GENE EDITING OF PIGS TO PROTECT AGAINST THE HUMAN ANTI-PIG INNATE IMMUNE RESPONSE

Xenotransplantation of pig organs is the first opportunity we have had in more than 70 years of clinical organ transplantation to modify the donor, rather than just treat the recipient. The potential this provides is immense, and it is our prediction that eventually the pig will be so successfully engineered that, after transplantation, the organ will be completely protected from the human immune response and that no exogenous immunosuppressive therapy will be required.

Introduction of Human Complement-Regulatory Transgenes

When human complement is activated, for example, in response to an invading infectious microorganism, the native cells are to a large extent protected from complement injury by the expression of human complement-regulatory proteins (CRPs) on the vascular endothelium. Pigs have similar CRPs, but these are less protective against human complement. Studies in the 1990s incorporated a transgenic human CRP, CD55 (decay-accelerating factor), or CD46 (membrane cofactor protein), by microinjection of DNA directly into the pronucleus of a fertilized pig egg.15 When cyclosporine-based immunosuppressive therapy was administered, this resulted in a significant prolongation of pig heart survival after heterotopic transplantation into NHP recipients, extending to approximately 3 months. One baboon with a pig orthotopic heart transplant survived for 1 month.
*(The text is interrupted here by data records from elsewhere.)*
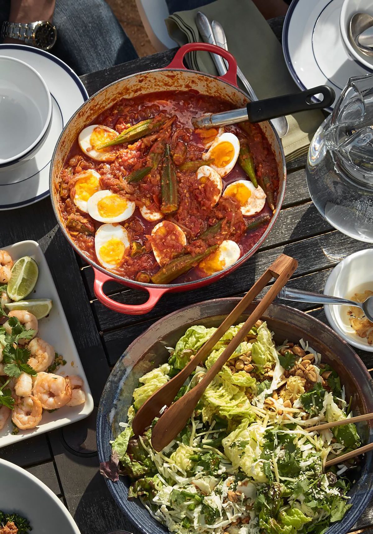 While eggs and okra are the headliner ingredients of this spectacular gluten free curry recipe adapted from the Burma Superstar cookbook, don’t overlook the virtues of the simple sauce. Made from slow-cooked shallots, garlic, and tomatoes and a generous amount of turmeric, it’s so delicious that the staff at Burma Love spoons it alone over rice. In Myanmar, cooks fry hard-boiled eggs to help them hold their shape in this classic curry, but not everyone is a fan of the ensuing rubbery texture. Frying isn’t actually necessary: adding the hard-boiled eggs at the end preserves their shape just fine.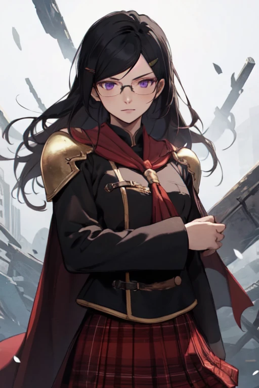 QueenFF, 1girl, solo, long hair, skirt, black hair, red cape, armor, plaid skirt, purple eyes, hairclip, shoulder armor, glasses, school uniform,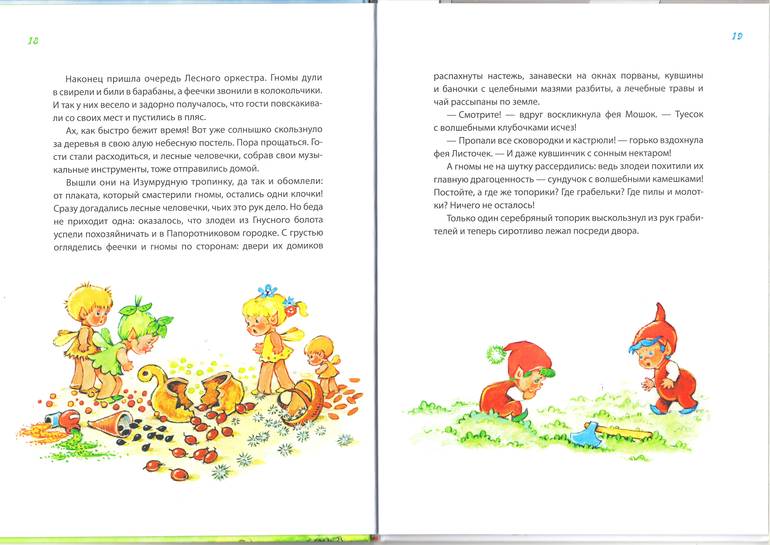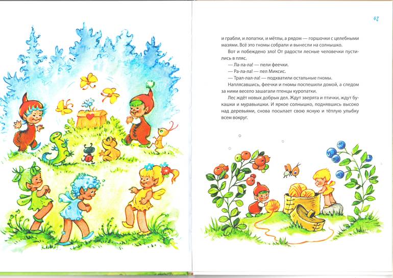 В конце обзора по традиции о качестве. Большой формат 22х30 см. Твердая матовая обложка, белые плотные матовые страницы. Яркие самобытные иллюстрации, крупный шрифт. Отличное качество печати, как текста, так и рисунков. Мы очень рекомендуем эту книгу всем любителям гномиков, фей, лесных приключений, добрых сюжетов и сказочного волшебства.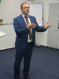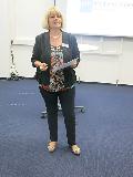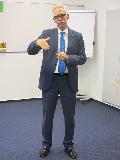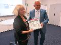 Zuletzt sprach die Geschäftsführerin der IHK-Akademie, Dr. Sabine Dyas, zu den Gästen. Auch sie konnte ihren sichtbaren Stolz über das Erreichte nicht verhehlen, berichtete davon, dass es auch häufig bei Besprechungen ziemlich laut geworden sei. Letztendlich habe aber das gemeinsame Ziel alle Hindernisse aus dem Weg geräumt und über allem gestanden. Sie sagte, dass ohne das gesamte Team dieser Erfolg kaum machbar gewesen sei, dabei hob sie explizit nochmals Torsten Scherr hervor, ebenso den Architekten Wolfgang Rumpf für dessen Planung und Bauleitung. Denn während der vierjährigen Umbaumaßnahmen wurde der Ausbildungsbetrieb fortgeführt, eine logistische Meisterleistung. Zum Ende des offiziellen Teils überreichte der Architekt Rumpf Dr. Sabine Dyas symbolisch einen überdimensionierten Schlüssel zur Einweihung, damit ist sie auch offiziell die Hausherrin.

Deletion of Expression of Pig Xenoantigens

The key initiating factor in complement activation is binding of anti-pig antibodies to the pig cells, for example, binding of anti-Gal antibodies to Gal antigens. Once Gal had been identified as the major xenoantigen involved in hyperacute rejection of a pig organ graft, the proposal was made in 1993 to knock out the gene for α1,3-galactosyltransferase and thus delete expression of Gal in the pig (from an α1,3-galactosyltransferase gene-knockout pig) (Table 1), although this was not possible at that time.

With the introduction of cloning by somatic cell nuclear transfer in large animals, it became possible to propagate pigs using cells in which a pig gene had been “knocked out,” and thus create pigs lacking expression of the associated xenoantigen. In 2003, the first pigs that did not express Gal were produced (Table 1).16 Survival of heterotopic heart transplants from α1,3-galactosyltransferase gene-knockout pigs in NHPs was maximally extended to 6 months.17

Subsequent gene editing technologies, like TALENS and CRISPR, enabled more precise and complex gene modification, facilitating additional deletion of expression of the remaining known carbohydrate xenoantigens, yielding double knockout and triple knockout (TKO) pigs18 (Table 1). There is minimal development of antibodies to TKO pig cells in infants and children (Figure 1, bottom), which greatly increases the likelihood of success when xenotransplants are carried out in infants, who also have weaker complement systems. The combination of deletion of expression of the 3 xenoantigens and expression of 1 of more human CRPs protected pig cells completely from complement injury in vitro.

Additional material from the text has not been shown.